Es ist ein Stück Staßfurter Geschichte, das alte Siedehaus am Wendelitz. Doch jetzt ist nur noch ein Gerippe von ihm über. Die Abrissarbeiten sind in vollem Gange. Bald wird das Gebäude ganz verschwunden sein. Vorerst!
Das Fachwerkhaus, das heute geduckt in einer Senke steht, ist die letzte Erinnerung an Staßfurts Salzgeschichte. Gebaut wurde es 1797, nachdem die Salinen an die königlich-preußische Verwaltung verkauft wurden. Die rissen die alten Salzhütten ab, bauten ein moderneres, leistungsfähigeres Siedehaus in massiver Bauweise, das am 16. November 1800 in Betrieb ging. Nach einem Brand 1854 blieb nur noch das Wohnhaus des Obersiedemeisters stehen, ein weiteres wurde später angebaut. Das sind die beiden Häuser, wie wir sie heute noch kennen.
Weitere Anbauten nach dem Brand sind inzwischen längst verschwunden, seit 1907 gibt es nur noch die beiden Gebäude am Wendelitz, die jetzt abgerissen werden.

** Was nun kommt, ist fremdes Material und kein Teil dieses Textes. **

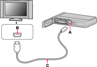 本機のHDMI端子(A)とテレビのHDMI端子(B)をHDMIケーブル(別売)(C)で接続する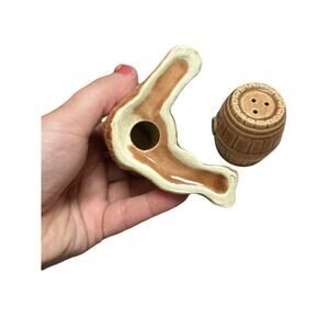 Vintage Drinking Chimp and Whiskey Barrel Salt and Pepper Shaker Set Ceramic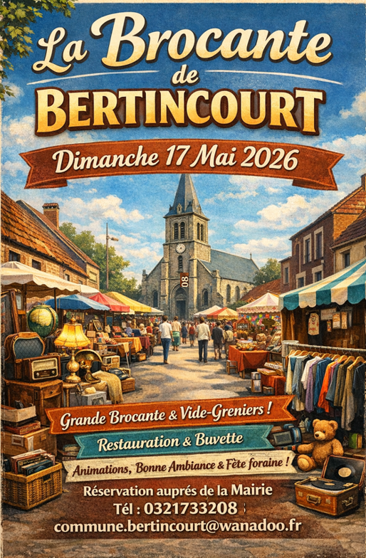 Rendez-vous à la grande brocante de bertincourt ! Plus de 300 emplacements vous attendent pour chiner et dénicher vos trésors. Restauration sur place pour vous régaler et fête foraine pour divertir petits et grands. Un événement incontournable qui attire une foule nombreuse d'amateurs et de curieux. Ne manquez pas cette journée conviviale !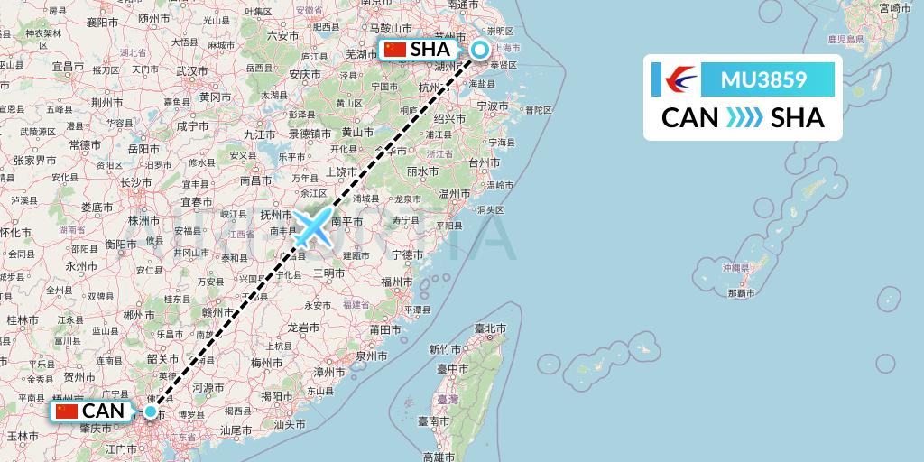 China Eastern Airlines Flight MU3859 connects Guangzhou, China to Shanghai, China, taking off from Guangzhou Baiyun International Airport CAN and landing at Shanghai Hongqiao International Airport SHA.

"Sie sind die letzten baulichen Hinterlassenschaften, die auf Staßfurts Siedegeschichte hinweisen, die bis ins Jahr 1170 zurückreicht. Deshalb wollten wir die Gebäude erhalten oder zumindest Teile davon. Denn sie repräsentieren immerhin eine Produktionsstätte, die Staßfurt einst eine überregionale Bedeutung gegeben hat", sagt Museumsbeirat Martin Liefhold.
Das Haus ist so etwas wie das Wahrzeichen der Stadt, vergleichbar mit dem schiefen Turm, der in den 70-er Jahren abgerissen werden musste.

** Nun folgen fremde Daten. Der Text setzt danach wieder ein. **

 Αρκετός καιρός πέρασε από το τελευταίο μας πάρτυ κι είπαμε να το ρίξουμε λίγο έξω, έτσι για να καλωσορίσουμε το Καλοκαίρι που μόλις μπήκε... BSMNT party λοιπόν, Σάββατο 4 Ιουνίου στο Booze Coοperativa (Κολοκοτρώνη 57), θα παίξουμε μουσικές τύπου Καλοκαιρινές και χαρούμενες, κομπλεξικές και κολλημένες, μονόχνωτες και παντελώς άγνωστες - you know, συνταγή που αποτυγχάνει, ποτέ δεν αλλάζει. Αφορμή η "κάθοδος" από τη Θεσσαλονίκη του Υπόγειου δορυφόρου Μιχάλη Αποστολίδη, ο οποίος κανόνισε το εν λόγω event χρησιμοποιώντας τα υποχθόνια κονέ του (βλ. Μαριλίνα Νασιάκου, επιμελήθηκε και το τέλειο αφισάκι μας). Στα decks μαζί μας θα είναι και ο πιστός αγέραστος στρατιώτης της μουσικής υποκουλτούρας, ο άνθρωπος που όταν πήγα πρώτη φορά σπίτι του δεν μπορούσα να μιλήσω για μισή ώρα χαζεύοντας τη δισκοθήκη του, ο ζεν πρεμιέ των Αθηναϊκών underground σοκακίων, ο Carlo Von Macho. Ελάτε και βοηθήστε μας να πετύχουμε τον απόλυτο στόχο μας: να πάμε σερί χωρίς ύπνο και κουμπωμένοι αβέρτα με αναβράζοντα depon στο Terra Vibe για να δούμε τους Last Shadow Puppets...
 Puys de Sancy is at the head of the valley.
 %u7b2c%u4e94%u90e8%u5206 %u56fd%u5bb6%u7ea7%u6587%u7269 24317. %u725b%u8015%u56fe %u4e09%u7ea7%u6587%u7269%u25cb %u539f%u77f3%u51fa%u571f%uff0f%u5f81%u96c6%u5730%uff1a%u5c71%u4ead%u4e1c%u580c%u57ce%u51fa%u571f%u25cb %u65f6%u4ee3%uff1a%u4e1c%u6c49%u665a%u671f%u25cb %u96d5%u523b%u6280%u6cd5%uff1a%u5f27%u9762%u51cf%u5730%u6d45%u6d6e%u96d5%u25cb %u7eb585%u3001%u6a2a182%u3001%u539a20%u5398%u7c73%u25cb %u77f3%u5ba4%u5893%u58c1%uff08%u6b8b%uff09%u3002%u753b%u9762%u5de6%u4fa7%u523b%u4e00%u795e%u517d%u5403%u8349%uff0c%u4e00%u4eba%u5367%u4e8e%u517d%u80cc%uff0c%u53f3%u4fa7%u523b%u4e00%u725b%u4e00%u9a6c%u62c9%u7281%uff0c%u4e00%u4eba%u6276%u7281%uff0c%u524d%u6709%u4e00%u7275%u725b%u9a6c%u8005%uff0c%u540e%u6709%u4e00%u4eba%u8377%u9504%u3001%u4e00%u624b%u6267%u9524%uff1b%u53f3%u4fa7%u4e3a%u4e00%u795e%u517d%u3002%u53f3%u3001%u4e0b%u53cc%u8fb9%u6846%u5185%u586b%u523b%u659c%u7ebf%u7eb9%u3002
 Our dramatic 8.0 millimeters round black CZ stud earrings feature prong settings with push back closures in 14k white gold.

Liefhold: "Seitdem ist das Siedehaus das meistfotografierte Gebäude der Stadt und auch für Künstler immer wieder ein beliebtes Modell."
Doch das Haus soll den Staßfurtern nicht verloren gehen. Stadtbauamtsleiter Wolfgang Kaufmann: "Der Fachwerkbau wird geborgen, die einzelnen Balken werden nummeriert und ihre Anordnung genau auf Skizzem vermerkt, so dass das Gebäude später an anderer Stelle originalgetreu wieder aufgebaut werden kann." Wo und wann das sein wird, steht allerdings noch nicht fest. Erstmal wird es eingelagert.
Ein enormer Aufwand. Weshalb kann das Haus nicht einfach stehenbleiben?
Bereits 1993 gab es Überlegungen, das Haus abzureißen. Aber der Denkmalschutz hat dieses Ansinnen abgelehnt. Doch es verfiel immer mehr, so dass die Denkmalschutzbehörde schließlich zu dem Schluss gelangte, dass es hier nichts mehr zu schützen gab.
Inzwischen ist die Stadt nach einem Flächentausch mit dem alten Eigentümer wieder Besitzer der Häuser. Da der Denkmalschutz die Gebäude freigegeben hat, stand dem Abriss nichts mehr im Wege. Denn eine Sanierung wäre viel zu aufwändig, eine Nachnutzung nicht gesichert. Hinzu kommt, dass der Wendelitz wegen seiner Absenkung gar nicht mehr bebaubar ist. Und so hätten später am neu gestalteten Wendelitz mit dem hübschen See und den Spazierwegen zwei hässliche Ruinen gestanden.